ProfF is a functor. This means we can map over it.

implicit val PersonFunctor: Functor[ProfF] =
new Functor[ProfF] {
def map[A, B](fa: ProfF[A])(f: A => B): ProfF[B] =
fa.copy(students = fa.students.map(f))
}

Thus.

scala> val ps = ProfF("Bob", 1976, List("foo", "bar"))
ps: ProfF[String] = ProfF(Bob,1976,List(foo, bar))
scala> ps.map(s => s.length)
res11: ProfF[Int] = ProfF(Bob,1976,List(3, 3))
33 / 57
  • ProfF is a functor. This means we can map over it.
  • And if you follow this design pattern your data type will always be a functor, in fact it's called a pattern functor, so that's the thing to google if you want to learn more about this kind of thing.
  • In any case the functor here is straightforward because we can just delegate to .map on List and we're done.

But wait, there's more!

case class ProfF[A](name: String, year: Int, students: List[A])

ProfF is a traversable functor. This means we can sequence it.
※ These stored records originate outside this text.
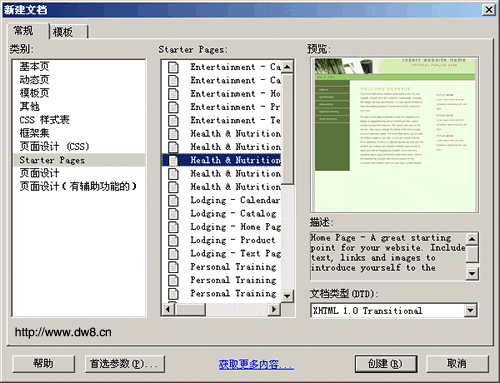 2,新建文檔對話框,注重具有了xslt的選項(同時新建的文檔類型默認為xhtml 1.0 transitional)
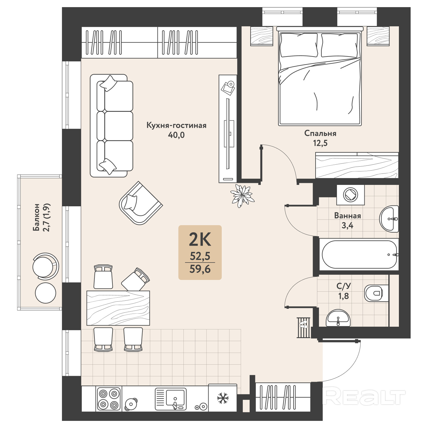 59.6 м²
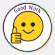 Belohnen Sie den Aufkleber mit einer niedlichen, runden gelben Seite, die das Daumenschild nach oben zeigt. Er hat zwei schwarze Punkte für Augen und ein glückliches Lächeln. Über seinem Kopf stehen die Worte "Gute Arbeit" in lila Schrift. Dies ist eine Vorlage, mit der Sie die Nachricht auf Ihren eigenen Wunsch ändern können.
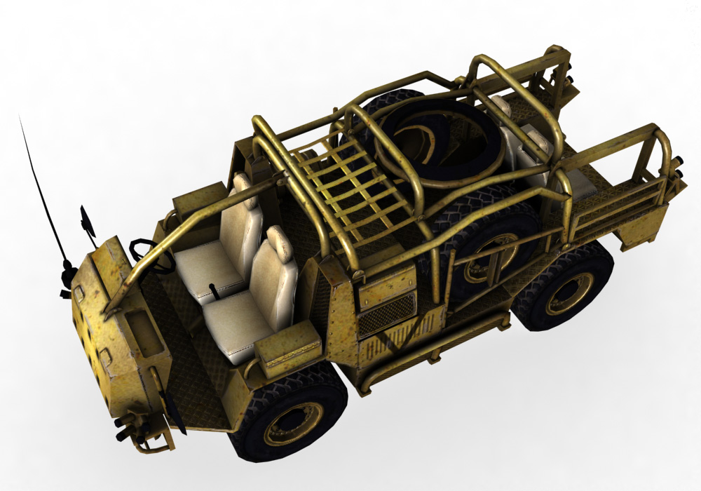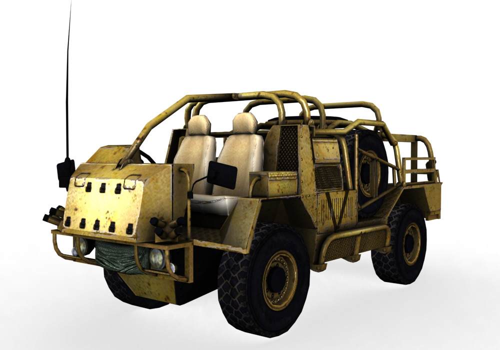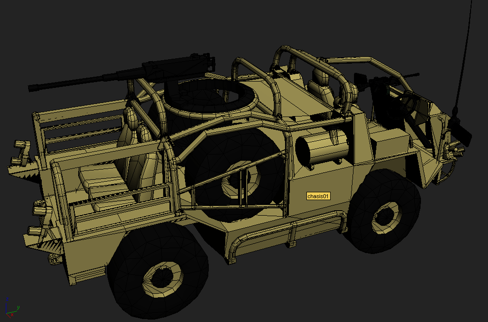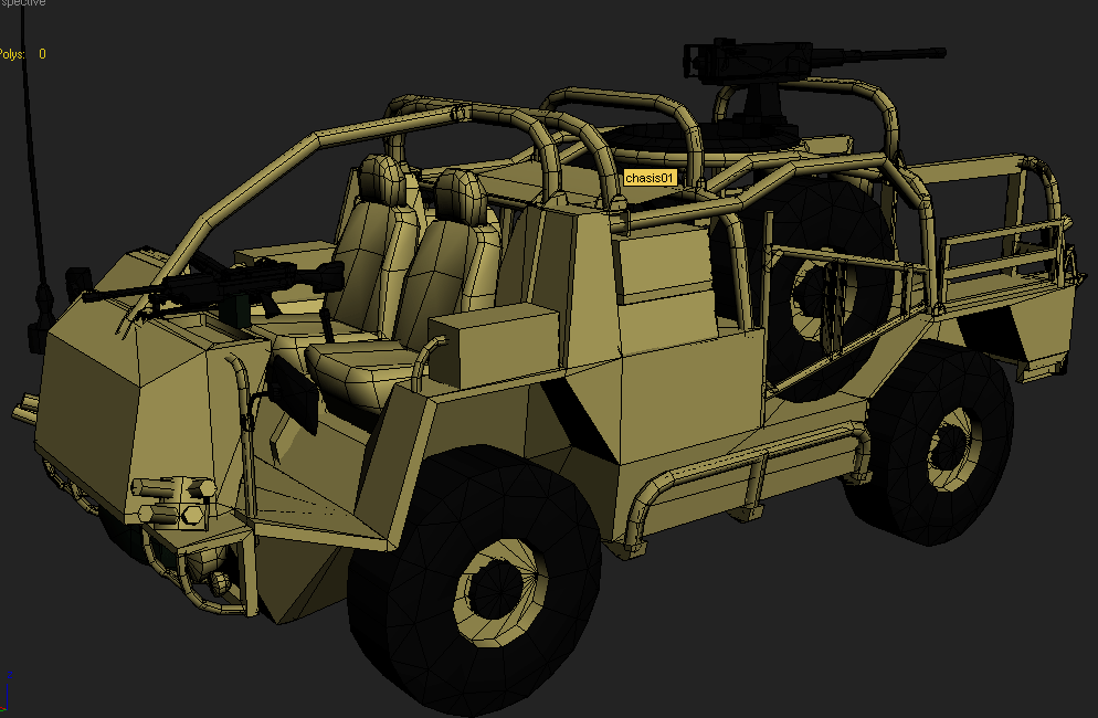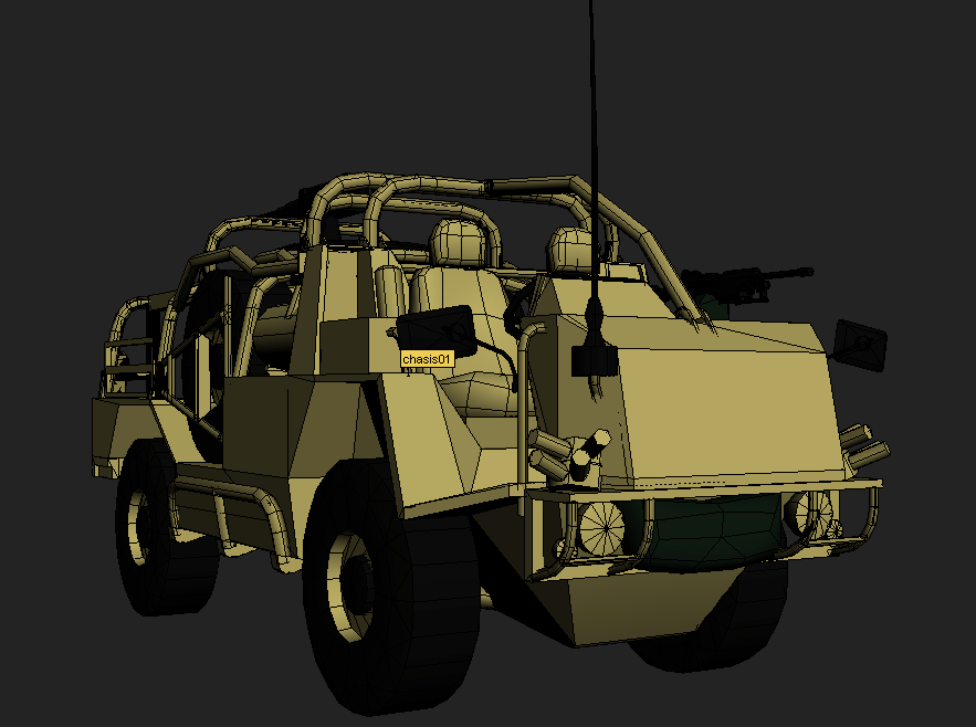 Buenas a todos. Estoy lejos de mi amada PC hasta el fin de las malditas fiestas, así que, para pasar el rato y como solo tengo un portátil viejo me he puesto a hacer modelos en baja. Acabo de terminar de modelar este y ahora lo voy a empezar a mapear. Tiene 4645 polys sin contar las 2 ametralladoras que las cuento aparte porque pueden ponerse o no llegado el caso. Lo estoy haciendo como si fuese para un videojuego concreto. Por lo cual, lo que no es claramente del vehículo definiré como un prop o elemento decorativo aparte, que puede ponerse en este vehículo o usarlo en otra cosa del mismo juego.
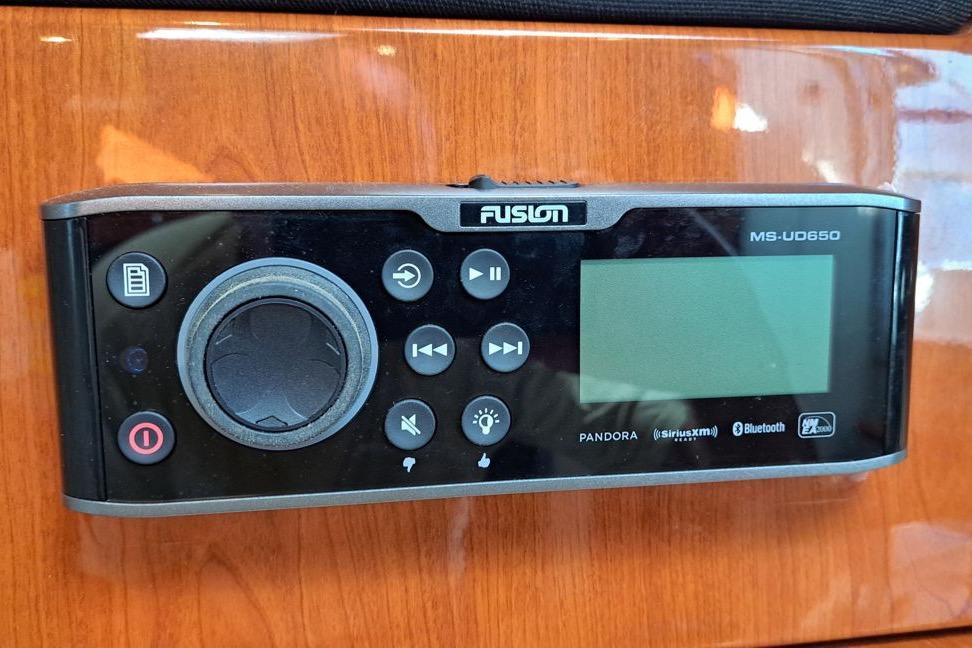 Fusion sound system with subwoofer features separate speaker control for the cockpit and cabin
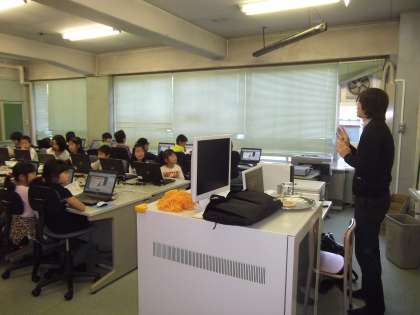 10月29日(水)に講師がいらして、パソコンの授業を行いました。保護者の方に展覧会の招待状を作りました。自分の名前や作品名、工夫したところを書きました。昨年度習った、クリックやダブルクリックなどの技を使い、すてきな招待状を作ることができました。パンフレットと一緒にお渡ししますので、楽しみにしていてください。
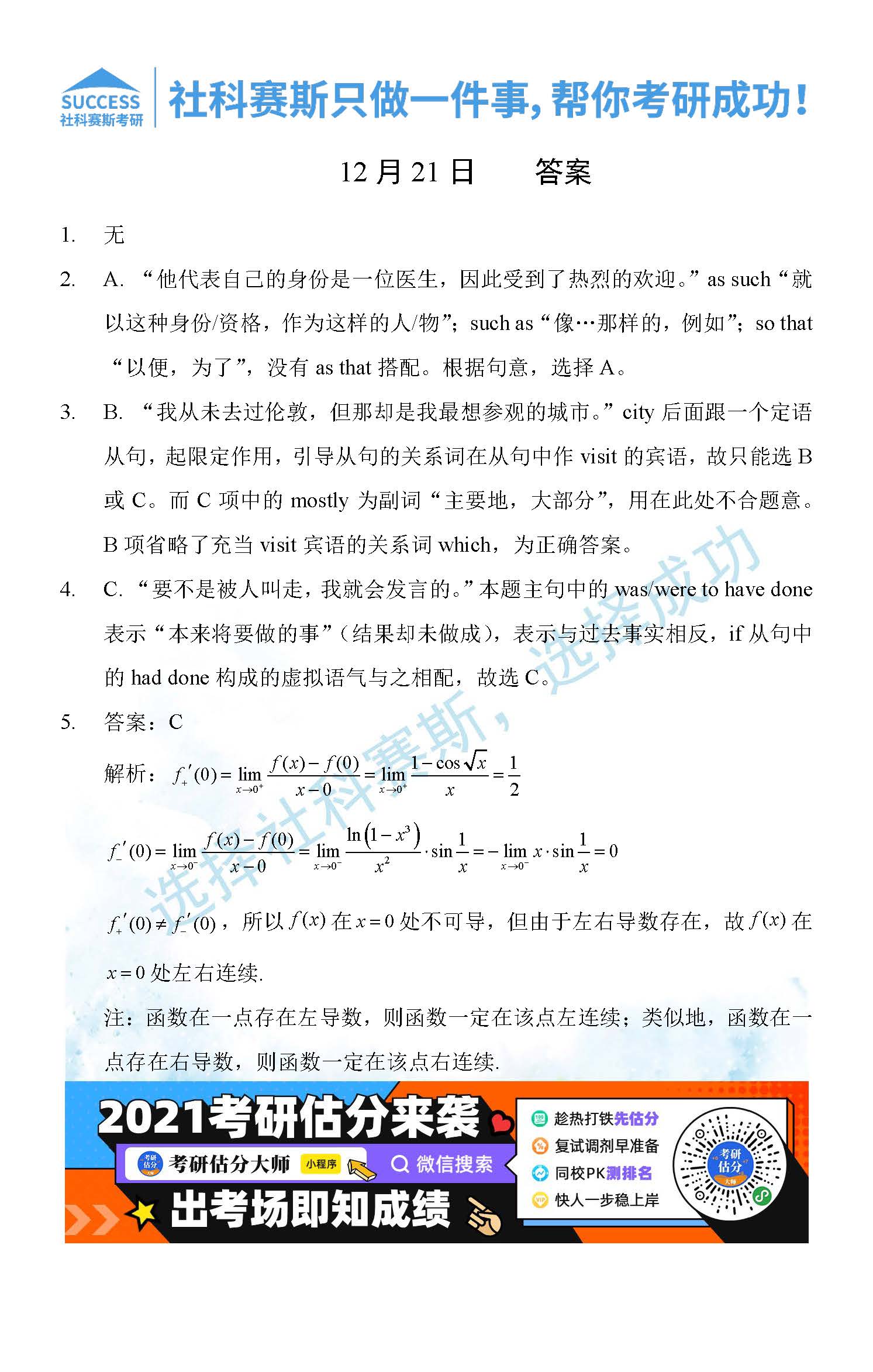 導(dǎo)讀:考研是一場持久戰(zhàn),保持良好的學(xué)習(xí)習(xí)慣,是能確保復(fù)習(xí)高效的關(guān)鍵。今天社科賽斯MBA備考網(wǎng)小編整理了“2021管理類聯(lián)12月21日每日一練及答案”的內(nèi)容,希望能對廣大考生有所幫助。

implicit val PersonTraverse: Traverse[ProfF] =
new Traverse[ProfF] {
def traverseImpl[G[_]: Applicative, A, B](fa: ProfF[A])(f: A => G[B]): G[ProfF[B]] =
fa.students.traverse(f).map(ss => fa.copy(students = ss))
}

Thus.

scala> val p = ProfF("Bob", 1975, List(Option(1), Option(2)))
p: ProfF[Option[Int]] = ProfF(Bob,1975,List(Some(1), Some(2)))
scala> p.sequence
res12: Option[ProfF[Int]] = Some(ProfF(Bob,1975,List(1, 2)))
34 / 57
  • It turns out that ProfF is also a traversable functor. This means we can turn a ProfF[F[A]] into a F[ProfF[A]] if F is an applicative functor. We can flip the type constructors, which is what the example illustrates. Look at the types.
  • The implementation is a little more involved but again we just delegate to traverse on List for most of the work because List is also a traversable functor.

(small digression)

Because "map and then sequence" is so common, we also have traverse which does them in one step. You can define one in terms of the other but they have this relationship:

fa.map(f).sequence <~> fa.traverse(f) // (1) definition of traverse

And we can find another identity by equational reasoning.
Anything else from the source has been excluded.